Piotr Głowski: Jak włos spadnie z głowy komuś z mojej rodziny to wskażę nazwiska: Stokłosa, Komarowski, Porzucek

Agnieszka Świderska
Piotr Głowski na konferencji prasowej po programie w TVP o rzekomych aferach w mieście
Piotr Głowski na konferencji prasowej po programie w TVP o rzekomych aferach w mieście Fot. Agnieszka Świderska
- Jak włos spadnie z głowy komuś z mojej rodziny i ktoś spyta jakie nazwiska są za to politycznie odpowiedzialne, to nie będę miał żadnych wątpliwości, że to Stokłosa, Komarowski i Porzucek - mówi Piotr Głowski, prezydent Piły o groźbach, które otrzymuje po emisji reportażu TVP o rzekomych aferach w mieście. - A jeżeli ktoś wciąż się zastanawia po co właśnie teraz była ta zadyma w pisowskiej telewizji, to odpowiedzi niech szuka w gabinecie starosty, który po cichu wydał zgodę na budowę spalarni Stokłosy. Spalarni, której nikt w Pile nie chce.

We wtorek TVP wyemitowała reportaż o rzekomych aferach w mieście, w tym o kamienicy przy Śródmiejskiej 22, którą to sprawę opisaliśmy jako pierwsi na łamach Tygodnika Pilskiego. W piątek prezydent Piotr Głowski zwołał konferencję prasową, na której zarzucił "inspiratorom" programu, którymi według niego są Henryk Stokłosa, starosta Eligiusz Komarowsk i poseł PiS Marcin Porzucek, działanie nie tylko na szkodę miasta.

- Dostajemy groźby. Moja żona się boi. Ja nie. Jak spadnie włos z głowy komuś z mojej rodziny i jeżeli ktoś spyta o nazwiska to wskażę Stokłosę, Komarowskiego i Porzucka, bo to na nich będzie ciążyć polityczna odpowiedzialność - mówi Piotr Głowski.

Według prezydenta szum wokół programu miał wyciszyć znacznie ważniejszy i bardziej od niego kontrowersyjny temat spalarni, która ma powstać w Śmiłowie. Zdaniem inwestora, Henryka Stokłosy, to nie będzie spalarnia, tylko proekologiczny Zakład Produkcji Energii z OZE.

- Starosta wiedział, że w sądzie toczy się postępowanie odnośnie dokumentacji związanej z tą inwestycją, że istnieje poważne ryzyko, że można zostać ona wycofana z obiegu prawnego - mówi prezydent Piotr Głowski. - I wiedząc o tym nie poczekał na wynik tego postępowania tylko cichcem wydał pozwolenie na budowę. Pilanie, którzy nie chcą tej spalarni w swoim sąsiedztwie, tak jak nie chcieli tych wszystkich smrodów, które przez lata musieli wdychać, nie mieli nic powiedzenia.

W przypadku gdyby sąd uznał, że dokumentację, która była podstawą do wydania pozwolenia, należy wycofać z obiegu prawnego, czyli uznać de facto, że jej nie ma, inwestor będzie mógł żądać od powiatu odszkodowania.

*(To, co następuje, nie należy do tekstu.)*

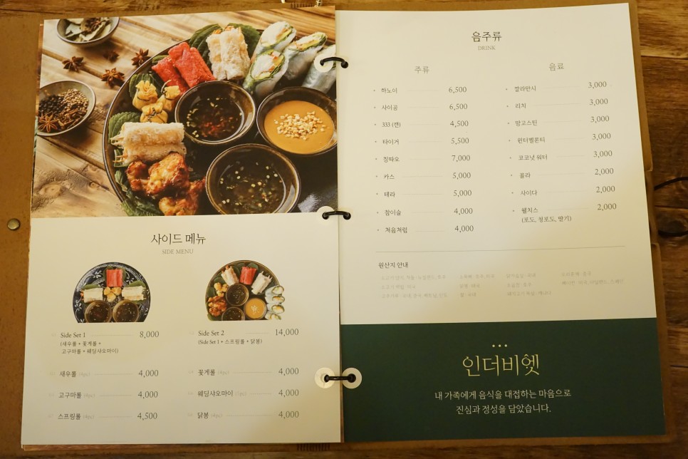 마지막장은 사이드 메뉴와 음주류입니다.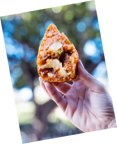 Orgoglio dello street food siciliano, i nostri “pezzi” di tavola calda sono una vera esperienza mistica. Dalle classiche pizzette tonde alle specialità locali più autentiche come arancini, cipolline, bolognesi, bombe, cartocciate e tanto altro. Ogni morso, un tripudio di sapori, un mondo da scoprire. Perché scegliere? Provali tutti!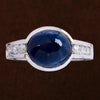 CABOCHON SAPPHIRE DIAMOND RING 18K WHITE GOLDCABOCHON SAPPHIRE ~ 6.0CTS (11.03X9X5.6)6 DIAMONDS ~ 0.45CTW IJ / SI - ISTAMPED 18K 750 AJD "American Jewelry Design"SIZE 8 - SIZABLE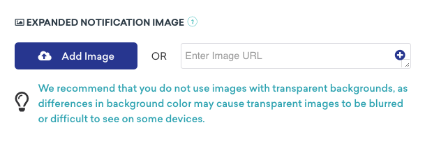 メッセージのコンポーザーにあるExpanded Notification Imageフィールドに画像を追加する。画像は、ダッシュボードから直接アップロードすることも、他の場所でホストされているコンテンツ URL を指定してアップロードすることもできます。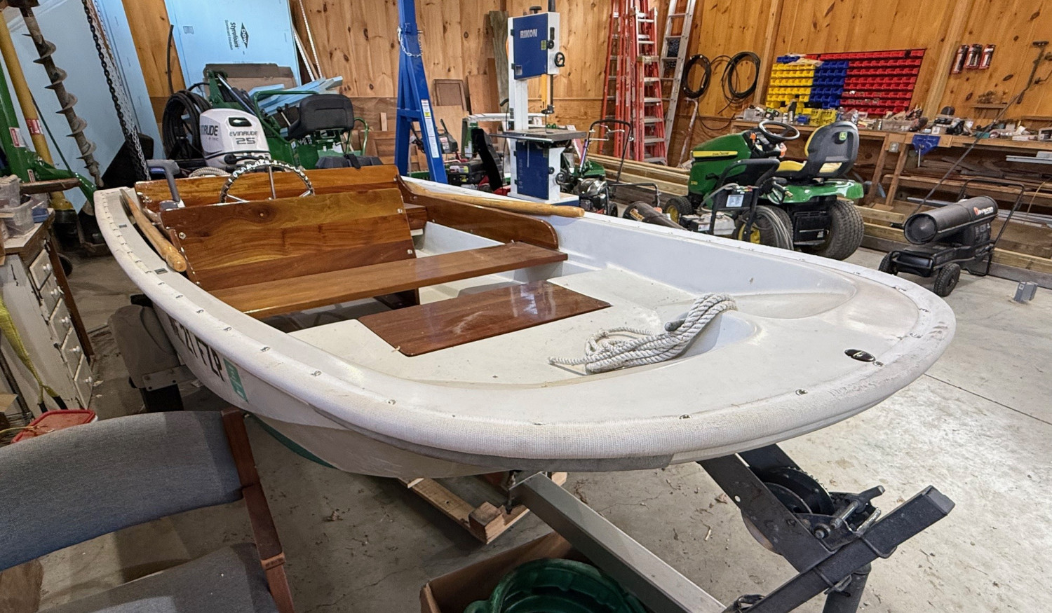 Occasionally, one is lucky enough to stumble upon a special boat. This 13′ whaler was found tucked away in barn after her owners stopped boating a year ago. Her high gloss varnished teak interior woodwork looks like it was just done yesterday. And her new (2017) 25hp Evinrude e-Tec outboard looks like it was just mounted on the transom. With low engine hours and new electric key start feature, this classic 13′ whaler is sitting on her EZ Loader trailer and waiting for a lucky buyer. An iconic boat like this wont be on the market for long.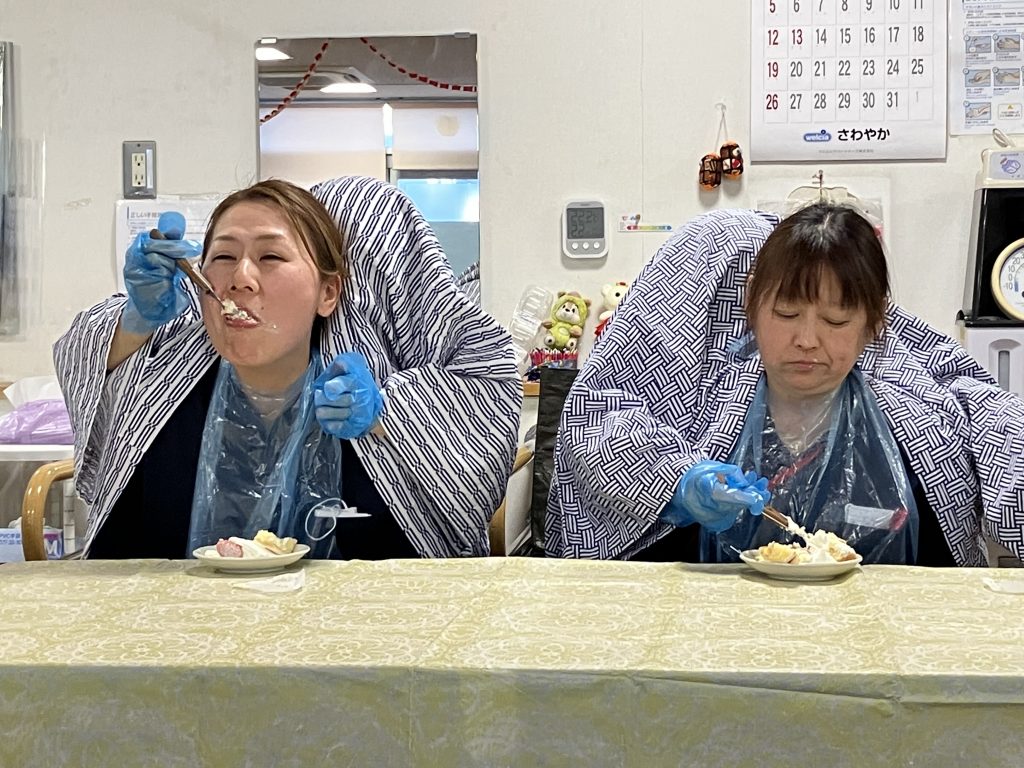 最後はスタッフから皆さんへ笑いのプレゼントで「二人羽織」を披露しました。

Zdaniem prezydenta, starosta Eligiusz Komarowski ma świadomość tego, że taki scenariusz już możliwy.

- A skoro tak, to czy podpisując pozwolenie nie złamał prawa? - pyta prezydent Piotr Głowski. - Będziemy chcieli, by zostało to sprawdzone. Z kolei pilanie muszą sobie odpowiedzieć na pytanie, czy w przyszości będą chcieli żyć w mieście, w którym będzie można wszystko, w którym być może kolejna spalarnia powstanie w centrum miasta, być może będziemy mieli monopolistę na dostawy ciepła do MEC. Przecież to wszystko jest potencjalnie możliwe.

A co do ewentualnego zainteresowania prokuratury czy CBA sprawami poruszonymi w reportażu TVP?

- Nie mam czego się bać. Nie mam sobie, ani moim urzędnikom nic do zarzucenia. Nie mamy też nic do ukrycia, bo jesteśmy non stop kontrolowani. A w sprawie kamienicy przy Śródmiejskiej tak się składa, że to my złożyliśmy zawiadomienie do prokuratury i to my czekamy na wyjaśnienia - mówi prezydent Piotr Głowski.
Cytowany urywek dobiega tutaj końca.